**Materials provided:**
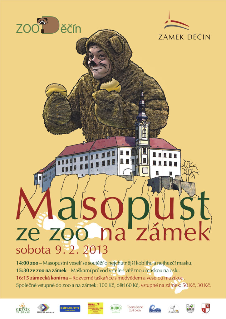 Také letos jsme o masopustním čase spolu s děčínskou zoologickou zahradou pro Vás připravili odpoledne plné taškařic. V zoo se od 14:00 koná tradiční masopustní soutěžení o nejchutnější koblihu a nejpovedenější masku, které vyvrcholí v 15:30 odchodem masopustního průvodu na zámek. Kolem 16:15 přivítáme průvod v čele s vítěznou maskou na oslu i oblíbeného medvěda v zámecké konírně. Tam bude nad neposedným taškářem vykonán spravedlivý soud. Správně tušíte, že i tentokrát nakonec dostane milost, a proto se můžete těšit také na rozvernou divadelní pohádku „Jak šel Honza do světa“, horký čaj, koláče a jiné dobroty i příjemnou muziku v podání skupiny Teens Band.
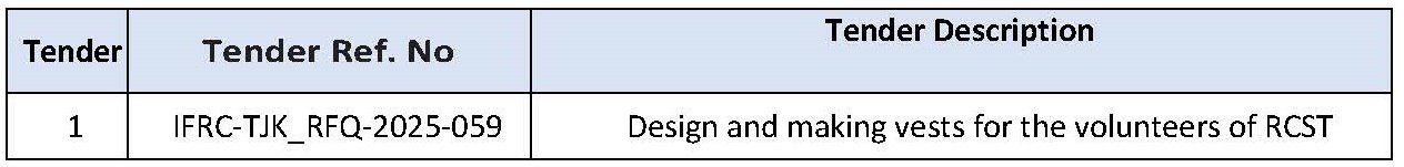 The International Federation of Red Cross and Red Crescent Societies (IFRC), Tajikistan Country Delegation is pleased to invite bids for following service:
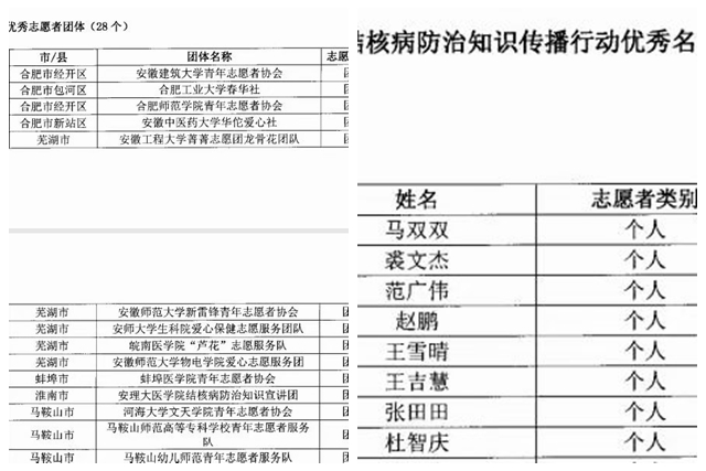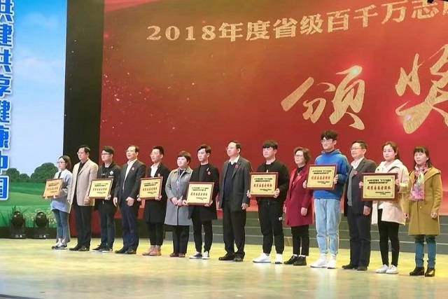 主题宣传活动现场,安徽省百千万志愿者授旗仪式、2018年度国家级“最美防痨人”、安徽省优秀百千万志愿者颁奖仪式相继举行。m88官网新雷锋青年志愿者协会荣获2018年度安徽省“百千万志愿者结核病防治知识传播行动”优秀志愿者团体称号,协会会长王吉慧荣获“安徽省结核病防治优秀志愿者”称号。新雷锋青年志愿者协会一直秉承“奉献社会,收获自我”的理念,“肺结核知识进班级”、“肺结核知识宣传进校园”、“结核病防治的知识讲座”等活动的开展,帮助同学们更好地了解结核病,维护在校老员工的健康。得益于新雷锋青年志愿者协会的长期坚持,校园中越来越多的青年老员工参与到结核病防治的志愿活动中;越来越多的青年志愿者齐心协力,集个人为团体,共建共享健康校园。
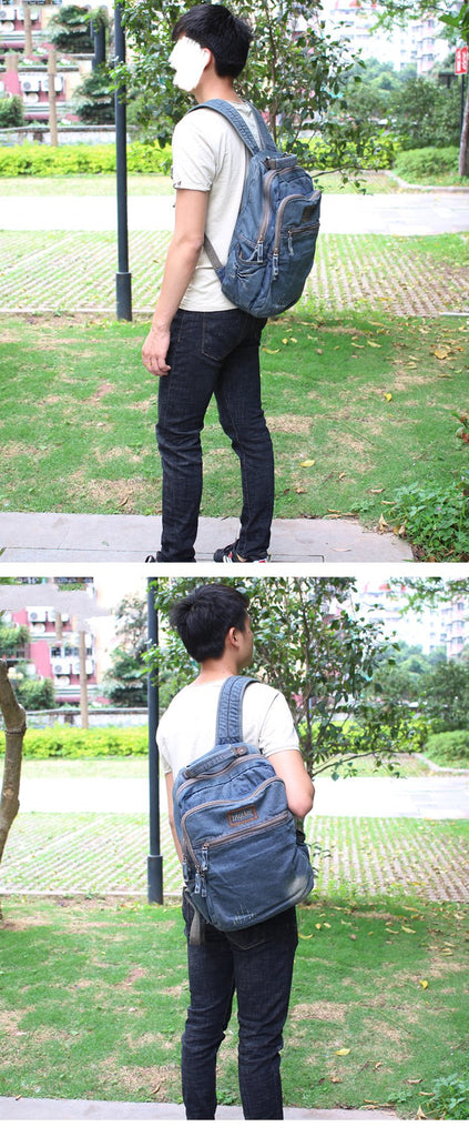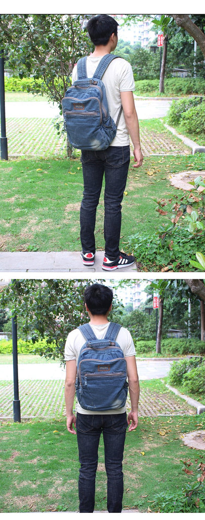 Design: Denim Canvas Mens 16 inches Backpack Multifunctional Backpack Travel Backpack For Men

--

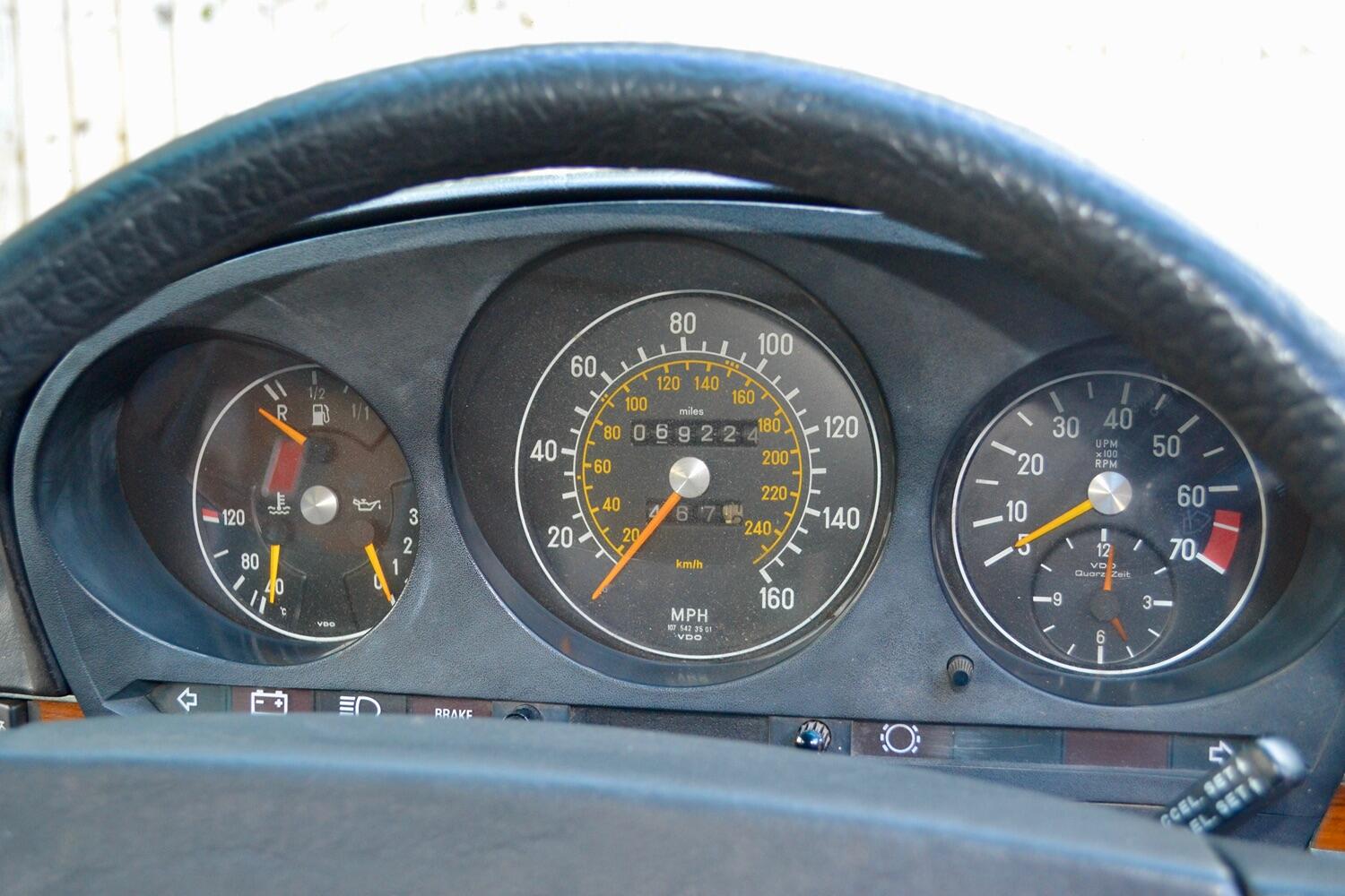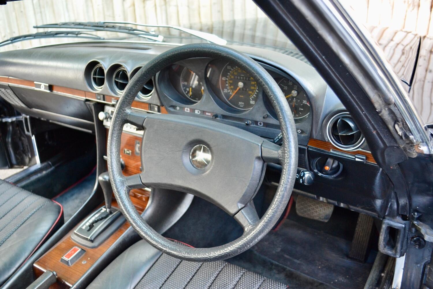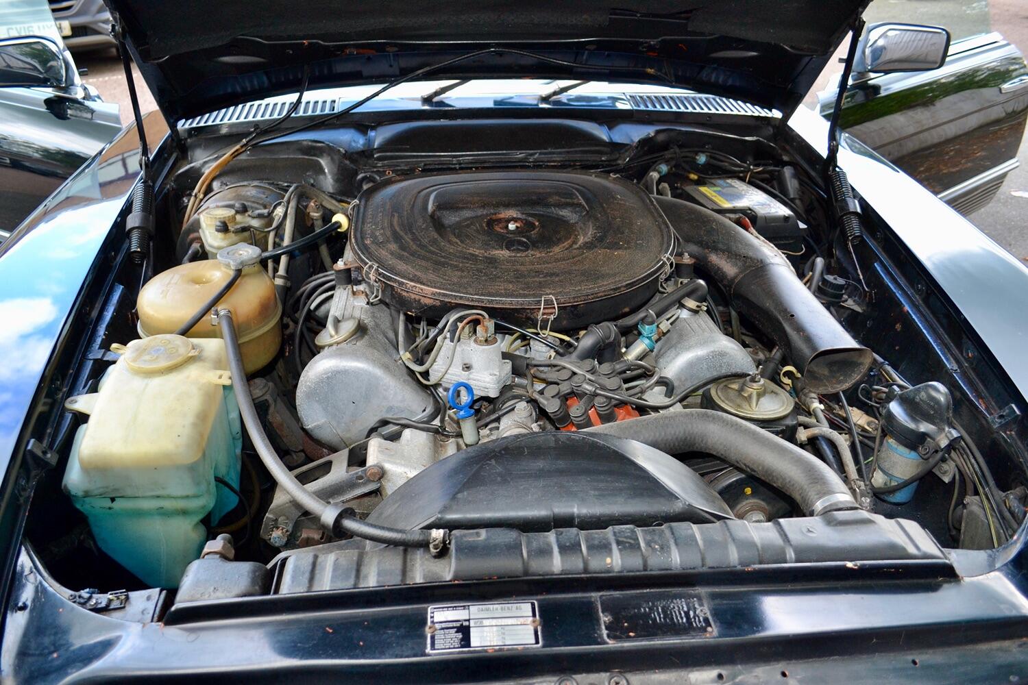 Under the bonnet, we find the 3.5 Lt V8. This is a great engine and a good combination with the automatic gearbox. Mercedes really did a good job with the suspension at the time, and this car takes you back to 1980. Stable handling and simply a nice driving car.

...

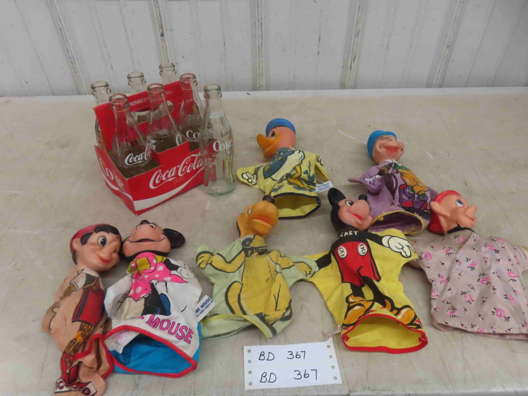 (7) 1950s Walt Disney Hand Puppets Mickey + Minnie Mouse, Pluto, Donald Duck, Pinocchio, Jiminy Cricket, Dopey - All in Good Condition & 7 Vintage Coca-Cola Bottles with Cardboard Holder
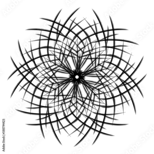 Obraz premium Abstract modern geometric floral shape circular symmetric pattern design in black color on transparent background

**Exercise prompt:** Reproduce, exactly and only, the lines of the records above starting at the line with "Také letos jsme" and ending at the line with "The International Federation", both included. Leave every picture out.

**Solved exercise:**
 Také letos jsme o masopustním čase spolu s děčínskou zoologickou zahradou pro Vás připravili odpoledne plné taškařic. V zoo se od 14:00 koná tradiční masopustní soutěžení o nejchutnější koblihu a nejpovedenější masku, které vyvrcholí v 15:30 odchodem masopustního průvodu na zámek. Kolem 16:15 přivítáme průvod v čele s vítěznou maskou na oslu i oblíbeného medvěda v zámecké konírně. Tam bude nad neposedným taškářem vykonán spravedlivý soud. Správně tušíte, že i tentokrát nakonec dostane milost, a proto se můžete těšit také na rozvernou divadelní pohádku „Jak šel Honza do světa“, horký čaj, koláče a jiné dobroty i příjemnou muziku v podání skupiny Teens Band.
 The International Federation of Red Cross and Red Crescent Societies (IFRC), Tajikistan Country Delegation is pleased to invite bids for following service:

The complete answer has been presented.